Version: (using KDE Devel)
Installed from: Compiled sources
Since the IDNA changes were incorporated into KURL and friends, the hostnames are normalised internally according to the following RFCs:
RFC 3454 - Preparation of Internationalized Strings
RFC 3490 - Internationalizing Domain Names in Applications (IDNA)
RFC 3491 - Nameprep: A Stringprep Profile for Internationalized Domain Names (IDN)
RFC 3492 - Punycode: A Bootstring encoding of Unicode for Internationalized Domain Names in Applications (IDNA)
That means that, among other modifications, that hostnames in URLs get lowercased. Actually, if libidn is not found, current KDE CVS code simply lowercases the URL. This behaviour is (as per my reading) acceptable according to:
STD 3 [mentioned several times in the rules in the RFCs above]

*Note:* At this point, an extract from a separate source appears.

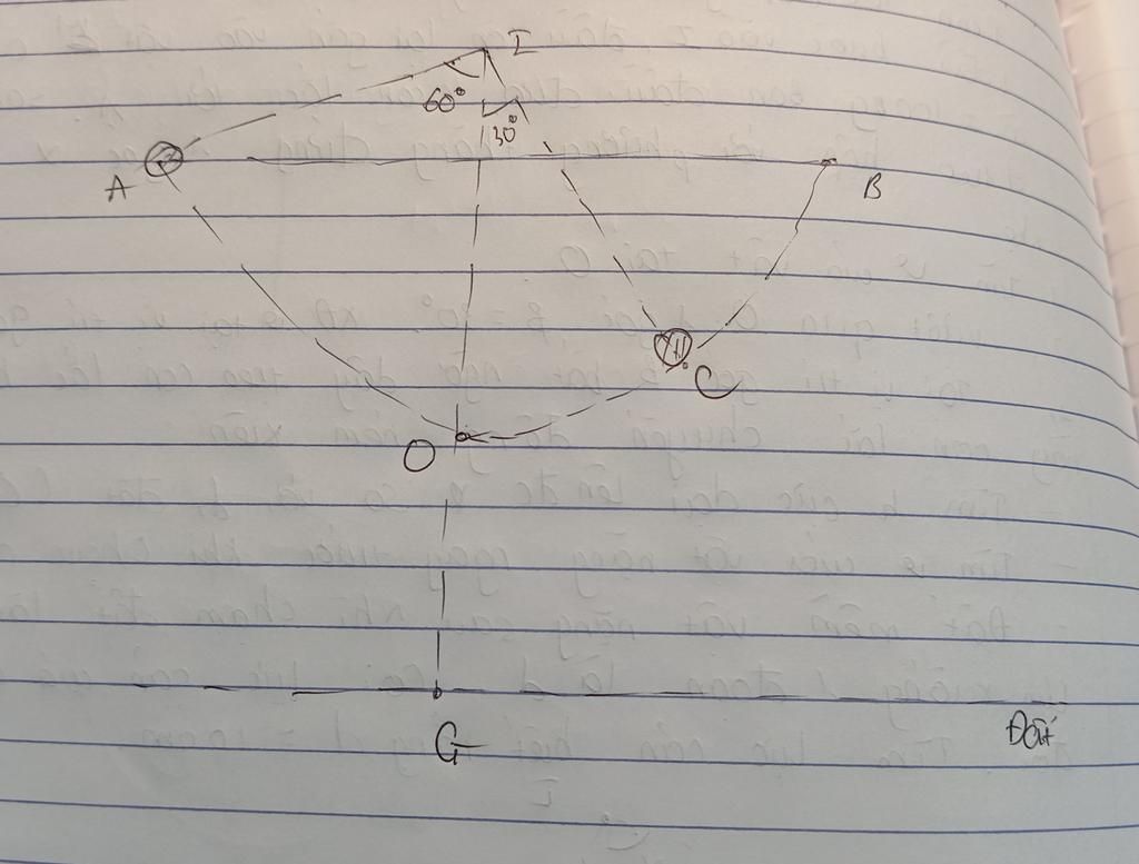 `b,` Con lắc vượt qua `O` một góc `\beta= 30^o`. Xác định `v` tại vị trí `C`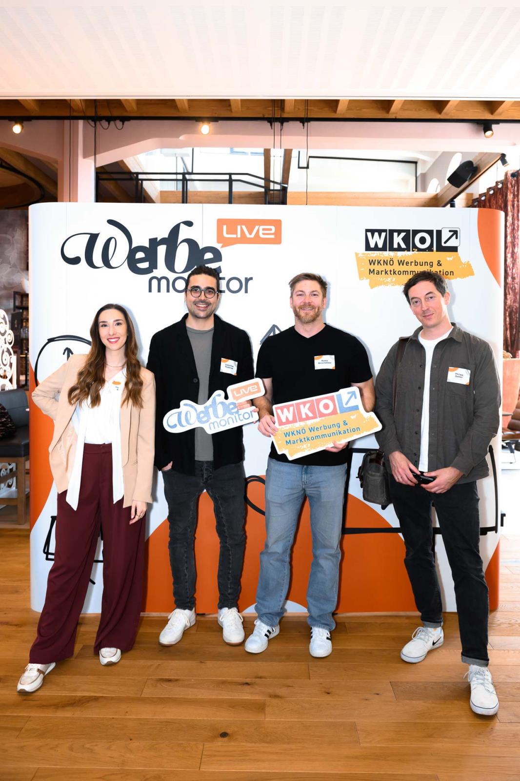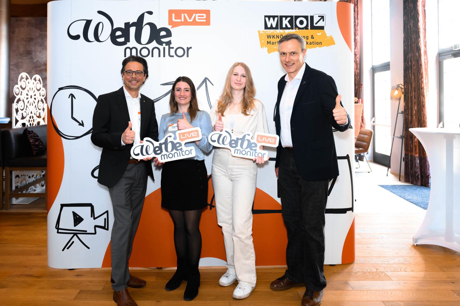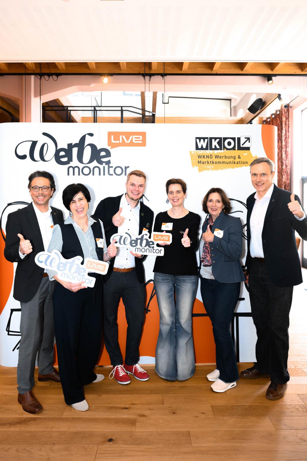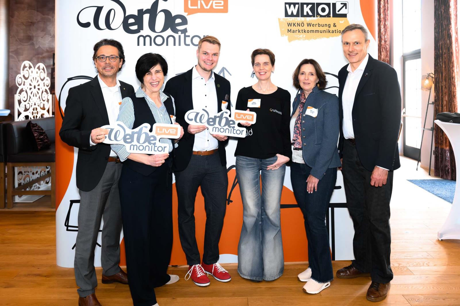 Werbemonitor LIVE, ein Format zugeschnitten auf die Werbe- und Kommunikationsbranche mit: Fachgruppenobmann Andreas Kirnberger, Fachgruppengeschäftsführer Clemens Grießenberger, Ausschuss-Mitglied Andreas Roffeis, Fachgruppenobmann-Stv. Timm Uthe, Julia Lipp, Ausschuss-Mitglied Herbert Sojak, Vanessa Wurster, Sebastian Podesser, Kerstin Oberzaucher, Ausschuss-Mitglied Bernhard Dockner, Marco Lumsden, Max Niederschick, Richard Weiretmayr, Werbemonitor-Chefredaktion Sabine Wolfram und Fachverbandsobmann Jürgen Bauer (v. l.)

RFC 1738 - Uniform Resource Locators (URL)
However, there are some "URLs" in use out there that do not respect the rules given by the IDNA RFCs and there could be even those that disrespect STD 3. One such scheme is ed2k, which is known to encode a filename inside the hostname part of the URL.
My understanding is that calling ed2k:// a URL is wrong, but RFC 2396 (Uniform Resource Identifiers (URI): Generic Syntax) (URIs are a superset of URLs) allows that. Therefore, ed2k:// and others might be valid URIs even though they are not valid URLs.
This has been a bit of summary of the thread in kde-devel:
Anyways, as suggested in that thread, KURL should support some kind of different URIs that are not URLs and be aware of their peculiarities. I'm here proposing three different URI types:
internet or url - normal URLs, as they are treated today
mailto - URIs containing mail addresses; IDNA needs to be applied to the hostname part (after the @)
raw - don't touch, don't encode
I've opened this bug report to keep track of the support and also for the information as to why some broken "URLs" broke in KDE CVS/3.2.
Moving the discussion here.
Last message from the list was (from Petter Stokke):
My current working copy uses a simple hardcoded list ("ed2k" is raw,
"mailto" is mailto, and everything else is a normal URL), I guess it could
fall back on that if no KInstance is available.
> But you should also provide a means of the user setting the
> URI type and handling method.
I added that as an option to the constructor, with the present processing
mode being the default one.
> KURL should be lightweight. So, I don't recommend writing code to find
> files in the disk.
I'm trying hard to keep it lightweight, but I don't know any other way to
do it except to hardcode the protocol list into KURL, which doesn't really
appeal to me. I was planning on writing a very lightweight parser to fetch
the protocol mode from the .protocol file, and storing it in a hard cache
for future use (so it doesn't care if the .protocol file changes) in order
to maintain some semblance of efficiency.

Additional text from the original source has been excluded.